# 70's Humming Bling



## KEITHT (Dec 2, 2007)

Gold is not normally my thing, but when someone offers you a very scarce solid 18k Omega f300 Constellation..what are you to do...sigh

I commited to buyng this before the impending redundacy was confrimed  ....ah well! it will be a nice thing to own for at least a while..... 



















Even has a solid 18k gold dial....


----------



## mjolnir (Jan 3, 2006)

Wow, That's a serious piece of jewellery you have there Keith.

Golds not usually my sort of thing either but that's really nice.


----------



## feenix (May 27, 2008)

KEITHT said:


> Gold is not normally my thing, but when someone offers you a very scarce solid 18k Omega f300 Constellation..what are you to do...sigh
> 
> I commited to buyng this before the impending redundacy was confrimed  ....ah well! it will be a nice thing to own for at least a while.....
> 
> Even has a solid 18k gold dial....


Not a fan of gold plate, but 18k is a lot better than ss. 

Nice watch you got there m8.


----------



## bridgeman (Dec 9, 2008)

beautiful job- and gold price going up too!!!


----------



## BGM (Jan 21, 2009)

That's really nice.

Sure you'd have no trouble shifting it if you needed to!

Sorry to hear about the job troubles....


----------



## Dick Browne (Dec 16, 2008)

Sorry to hear about the job, but I believe things are generally looking up (working with stockbrokers a couple of weeks back who were telling me that things are much better now than this time last year). Good luck with the search, what line are you in?

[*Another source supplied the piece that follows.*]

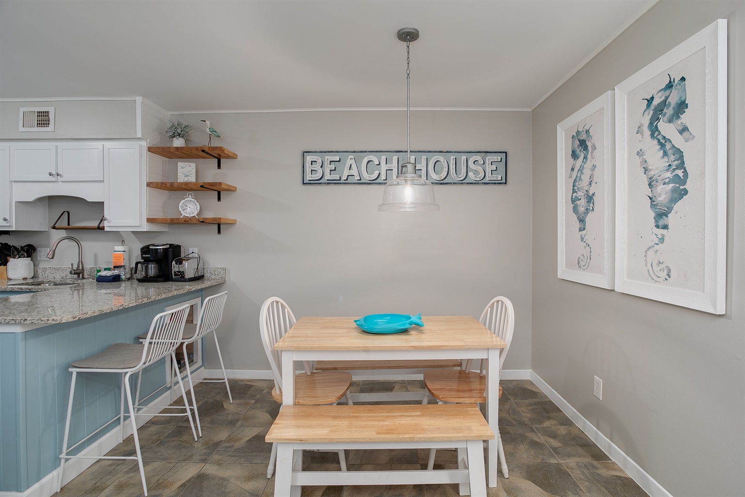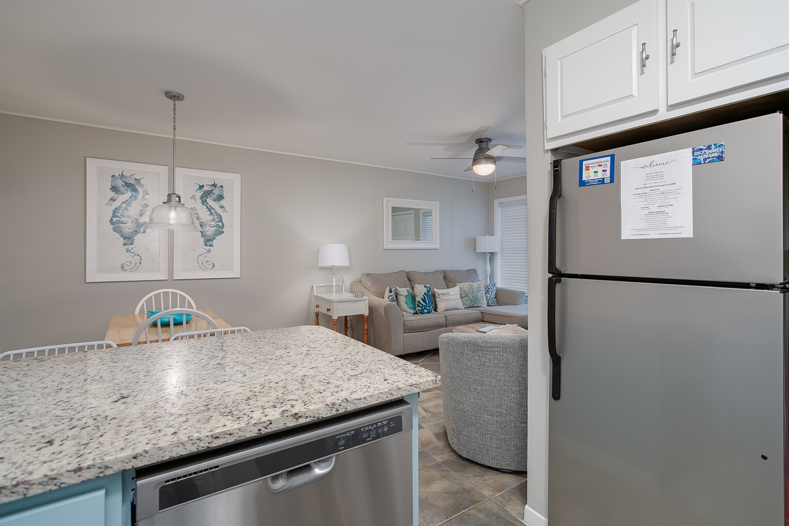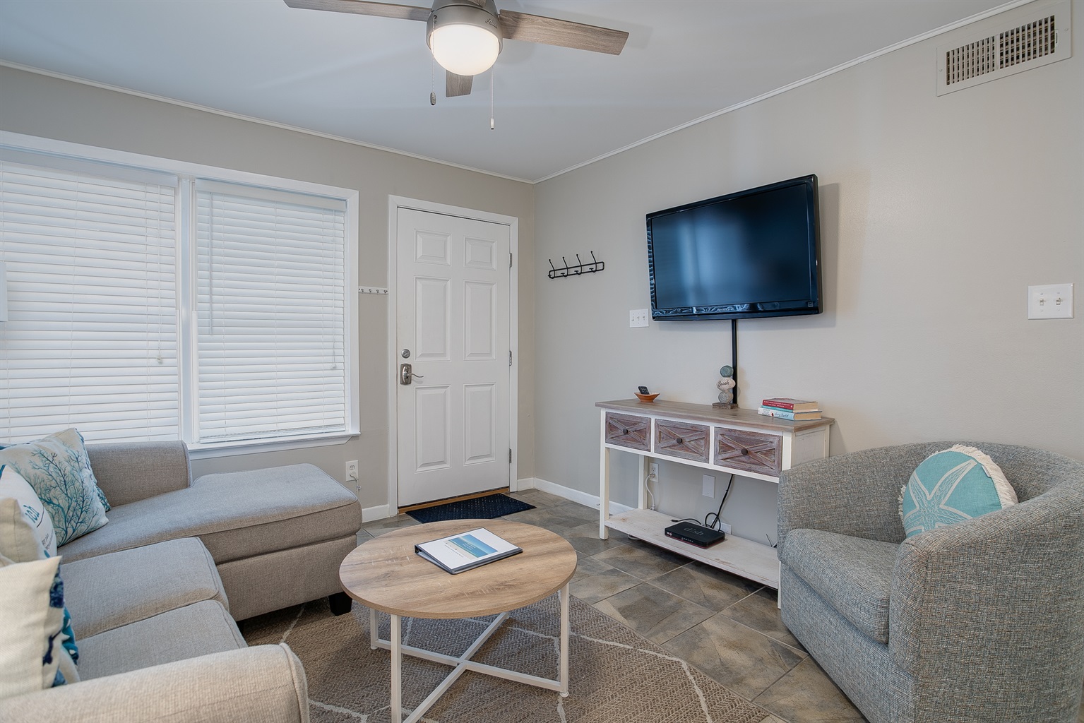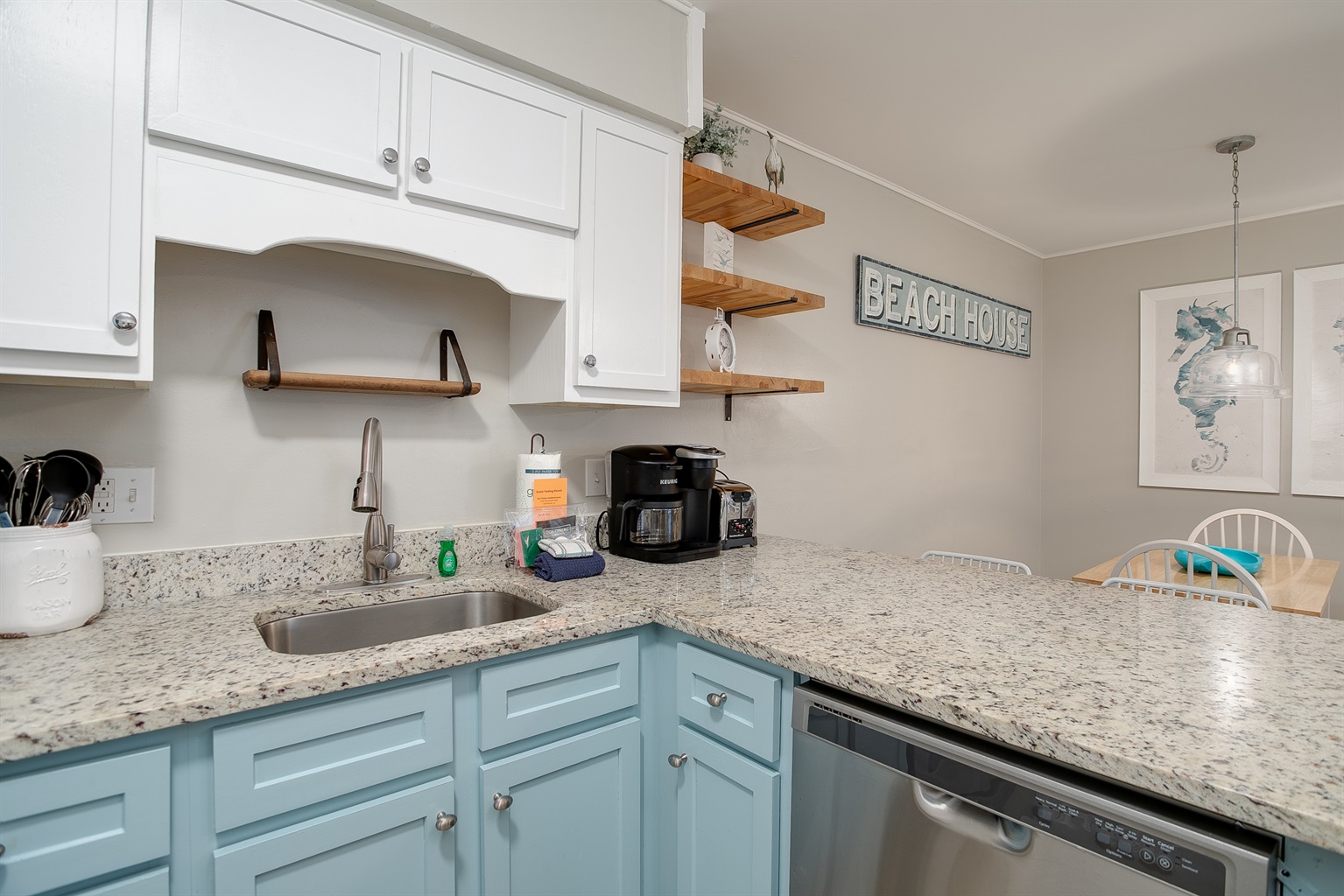 Condo was extremely clean. Not even a speck of sand inside. Beautifully decorated. Had everything we needed. Nice fluffy towels. Bathroom was very clean. Washer and dryer worked great. Outside was well lit. Stairs were very safe with handrails. Parking spaces were nice and wide for SUV parking. Trash bin was just beside parking lot. Had plenty of trash bags, paper towels, and toilet paper. Everything was as promised. Our family felt very safe staying in this condo. Couldn't hear traffic or noises from outside. Nice and quiet. Lots of food and shopping options nearby. Owner was great to work with, although I didn't need to contact for much at all because everything was great. The beach was just steps from the parking lot.

I'd agree with you on the gold thing, I'm not normally a gold man myself, but I did get caught with a 1968 Accutron a couple of weeks back, nicely bought back to life by SilverHawk, and that Omega does look quite understated

Old pic of my hummer below - crystal now replaced, before Paul shoots me down over it again 










Dick


----------



## Stuart Davies (Jan 13, 2008)

Bad news mate... 

Watch is nice though - looks almost brand new!


----------